Re: What are the problems with IDML?

Marc Salomon (marc@ckm.ucsf.edu)
Fri, 16 Aug 1996 16:34:37 -0700


From: "Marc Salomon" <marc@ckm.ucsf.edu>
Message-Id: <9608161634.ZM12044@gaia.ckm.ucsf.edu>
Date: Fri, 16 Aug 1996 16:34:37 -0700
In-Reply-To: marym@Finesse.COM (Mary Morris)
To: www-html@w3.org
Subject: Re: What are the problems with IDML?

On Aug 16, 12:47, Mary Morris wrote:
> Subject: Re: What are the problems with IDML?
> Marc Salomon said"
>
> > The issue of classifying metadata for arbitrary objects is a problem
already
> > solved by the library community and is orders of magnitude less complex
than
> > specifying content models for arbitrary document forms.
>
> While I will agree that the library community has done some interesting
> things with information classification in general, I have yet to have
> seen a good library taxonomy for products and services let alone
> a full description of associated metadata.

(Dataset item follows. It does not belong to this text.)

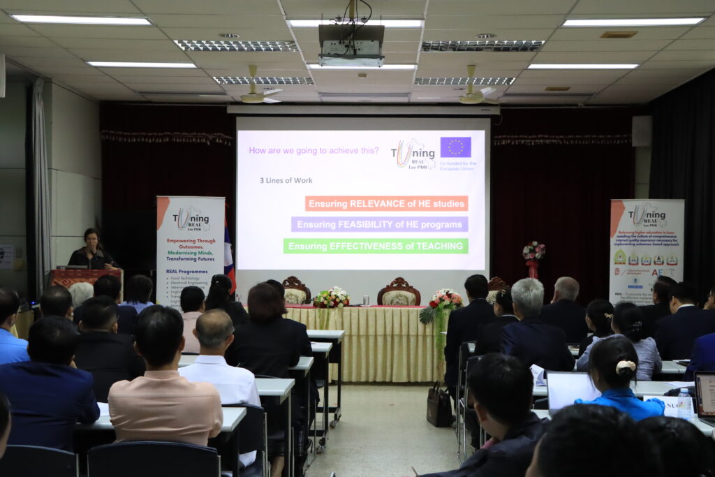 as well as the highest educational authorities of the four Lao public universities – NUOL, CU, SKU and SU (see below) – had their own of working sessions on Day 2 (full day) and Day 3 (morning), and joined the REAL Programme Teams during the Closing Plenary to hear about the progress achieved in the three project working lines: Ensuring Relevance of Higher Education Studies (Line 1), Ensuring Feasibility of Higher Education Programmes (Line 2) and Ensuring Effectiveness of Teaching (Line 3).
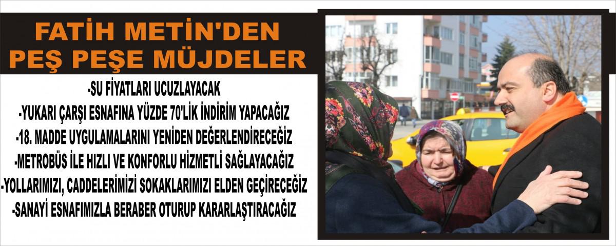 Metin, diğer önemli problemin ise 18. madde uygulamalarında yaşanılan mağduriyetler olduğunu vurgulayarak, “Onlarla ilgili de inşallah belediye başkanlığı yetkisini aldıktan sonra bir duyuru yapacağız. Diyeceğiz ki; 18. maddeden mağduriyeti olan her kim varsa bizlere müracaat etsin. Onları sıfırdan değerlendireceğiz.” dedi.

If you know of something
> that I have missed, I would love to hear about it.

I was referring to objects, pieces of (intellectual) content.  There are many
taxonomy schemes in the hard sciences that the library hasn't been involved
with, so library techniques are not a be-all and end-all of classification.
 Business has always shied away from consumer driven firm-to-firm comparisons,
so those who want that most have contributed the least.

If you all are going to play business on the internet at this early date, you
are going to have to expect to break some new ground.  Just don't do it in a
 way that re-breaks sown ground for the rest of us. :)

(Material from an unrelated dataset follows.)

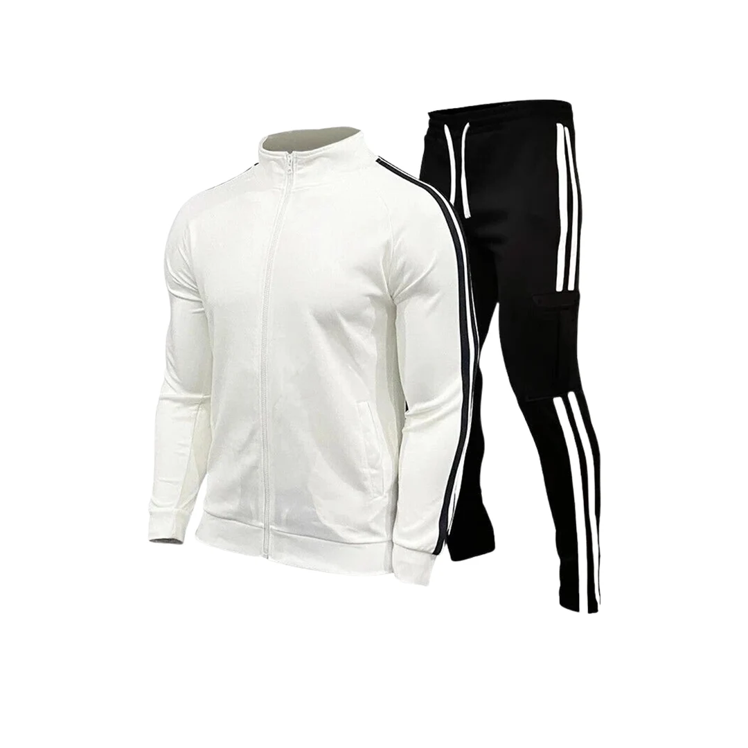 Men’s Zip-Up Sweat Tracksuit (White, Black)

> > But <META> is only going to scale for the most lightweight metadata
> > applications, and for more complex collections, first-class metadata
objects
> > will be the answer.
>
> Can you please explain a little more about "first-class metadata
> objects" and how they differ from <META> and who is work on those
> strategies right now?

If you have a collection of documents that all share some common
characteristics, say 'document-maintainer."  Does it make sense to embed that
information in the document so that each doc becomes stale (perhaps forcing a
cache-reload) whenever an essentially trivial field changes?

According to the HTTP spec, a HEAD request is identical to a GET request except
that an entity body cannot be returned with a HEAD.  This means that if you
actually support <META> translated to HTTP headers, in order to be in spec you
would have to send the metadata for each HEAD and GET.  Metadata can become
somewhat complex and might rival the document itself in percentage of the
request bytes.

As metadata can get complex, especially at the collection level, and <META> has
no content model.  It has attributes that define its data, and what can be
encoded in an attribute value is limited according to SGML.  This is the single
bright observation in the IDML document.  Their example of this, however, is
brain-dead.

The IDML thing is trying to cram into HTML what should exist outside HTML.
 META is trying to standardize use of a limited HTML element for a somewhat
complex task.

I could see making an IDML metainformation a first-class object (essentially a
peer of a document) using <LINK REV="IDML" HREF="/xxxxx.idml"> to do what
they're saying.  But schemes that glom together documents and their metadata
won't scale for large, high-value-added collections.

I know of no research going on to standardize product and service description
on the WWW.  It will be fun, though, to see profit margins drop to nil when
programs we write can do price comparisons across the world in real-time...will
anyone be able to afford to do business on the internet?

-marc

--